Reproduce the records word for word, from the first line to the line containing "Les tirages des".

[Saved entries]
━━━━
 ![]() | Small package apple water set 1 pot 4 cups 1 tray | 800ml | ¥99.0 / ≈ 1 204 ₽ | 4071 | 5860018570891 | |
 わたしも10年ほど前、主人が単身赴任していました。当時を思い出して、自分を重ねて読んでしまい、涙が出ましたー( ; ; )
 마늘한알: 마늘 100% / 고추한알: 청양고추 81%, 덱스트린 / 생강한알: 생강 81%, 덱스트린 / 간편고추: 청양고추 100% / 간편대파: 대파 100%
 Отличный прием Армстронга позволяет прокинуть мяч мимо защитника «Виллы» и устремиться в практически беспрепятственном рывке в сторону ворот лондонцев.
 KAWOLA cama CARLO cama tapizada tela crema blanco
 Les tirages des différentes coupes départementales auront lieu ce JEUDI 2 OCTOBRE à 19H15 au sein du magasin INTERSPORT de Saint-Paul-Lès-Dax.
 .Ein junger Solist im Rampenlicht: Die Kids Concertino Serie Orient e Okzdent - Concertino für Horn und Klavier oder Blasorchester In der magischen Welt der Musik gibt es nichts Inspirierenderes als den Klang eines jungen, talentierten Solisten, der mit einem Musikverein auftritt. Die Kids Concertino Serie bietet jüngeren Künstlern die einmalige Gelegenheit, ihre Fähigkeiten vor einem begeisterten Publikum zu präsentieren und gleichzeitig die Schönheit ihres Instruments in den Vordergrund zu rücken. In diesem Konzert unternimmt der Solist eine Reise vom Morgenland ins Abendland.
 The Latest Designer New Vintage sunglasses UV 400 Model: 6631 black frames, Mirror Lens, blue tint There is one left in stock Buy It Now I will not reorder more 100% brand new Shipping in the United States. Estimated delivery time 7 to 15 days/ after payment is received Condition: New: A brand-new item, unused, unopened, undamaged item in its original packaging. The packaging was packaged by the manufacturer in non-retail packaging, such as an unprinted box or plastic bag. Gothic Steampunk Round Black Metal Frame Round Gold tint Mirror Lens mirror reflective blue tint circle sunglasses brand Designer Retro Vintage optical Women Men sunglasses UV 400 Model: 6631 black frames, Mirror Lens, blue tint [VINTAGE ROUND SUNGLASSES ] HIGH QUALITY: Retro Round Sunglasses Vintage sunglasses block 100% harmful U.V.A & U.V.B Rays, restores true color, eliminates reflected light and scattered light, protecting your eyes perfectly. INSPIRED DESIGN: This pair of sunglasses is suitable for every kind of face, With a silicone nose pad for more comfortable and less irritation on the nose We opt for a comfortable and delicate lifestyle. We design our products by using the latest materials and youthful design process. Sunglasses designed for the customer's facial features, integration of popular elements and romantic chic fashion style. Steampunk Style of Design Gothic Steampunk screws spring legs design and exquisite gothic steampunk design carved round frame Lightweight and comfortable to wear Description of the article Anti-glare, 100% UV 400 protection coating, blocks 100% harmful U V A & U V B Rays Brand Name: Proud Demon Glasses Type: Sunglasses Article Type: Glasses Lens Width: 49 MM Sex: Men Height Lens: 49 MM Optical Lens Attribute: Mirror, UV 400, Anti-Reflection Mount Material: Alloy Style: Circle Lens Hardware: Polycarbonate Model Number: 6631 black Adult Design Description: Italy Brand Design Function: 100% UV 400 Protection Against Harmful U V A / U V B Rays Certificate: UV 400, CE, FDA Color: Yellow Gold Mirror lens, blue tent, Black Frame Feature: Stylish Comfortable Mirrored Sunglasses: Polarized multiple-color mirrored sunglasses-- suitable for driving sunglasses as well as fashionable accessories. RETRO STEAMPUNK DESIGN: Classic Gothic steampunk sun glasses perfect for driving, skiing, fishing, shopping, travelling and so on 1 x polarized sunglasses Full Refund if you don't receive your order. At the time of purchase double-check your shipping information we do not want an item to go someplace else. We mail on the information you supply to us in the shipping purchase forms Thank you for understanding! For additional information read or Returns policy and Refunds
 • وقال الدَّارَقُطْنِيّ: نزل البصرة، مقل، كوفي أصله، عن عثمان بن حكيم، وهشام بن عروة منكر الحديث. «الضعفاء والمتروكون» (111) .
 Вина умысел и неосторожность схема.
━━━━
*WRITTEN SOLUTION:*
 ![]() | Small package apple water set 1 pot 4 cups 1 tray | 800ml | ¥99.0 / ≈ 1 204 ₽ | 4071 | 5860018570891 | |
 わたしも10年ほど前、主人が単身赴任していました。当時を思い出して、自分を重ねて読んでしまい、涙が出ましたー( ; ; )
 마늘한알: 마늘 100% / 고추한알: 청양고추 81%, 덱스트린 / 생강한알: 생강 81%, 덱스트린 / 간편고추: 청양고추 100% / 간편대파: 대파 100%
 Отличный прием Армстронга позволяет прокинуть мяч мимо защитника «Виллы» и устремиться в практически беспрепятственном рывке в сторону ворот лондонцев.
 KAWOLA cama CARLO cama tapizada tela crema blanco
 Les tirages des différentes coupes départementales auront lieu ce JEUDI 2 OCTOBRE à 19H15 au sein du magasin INTERSPORT de Saint-Paul-Lès-Dax.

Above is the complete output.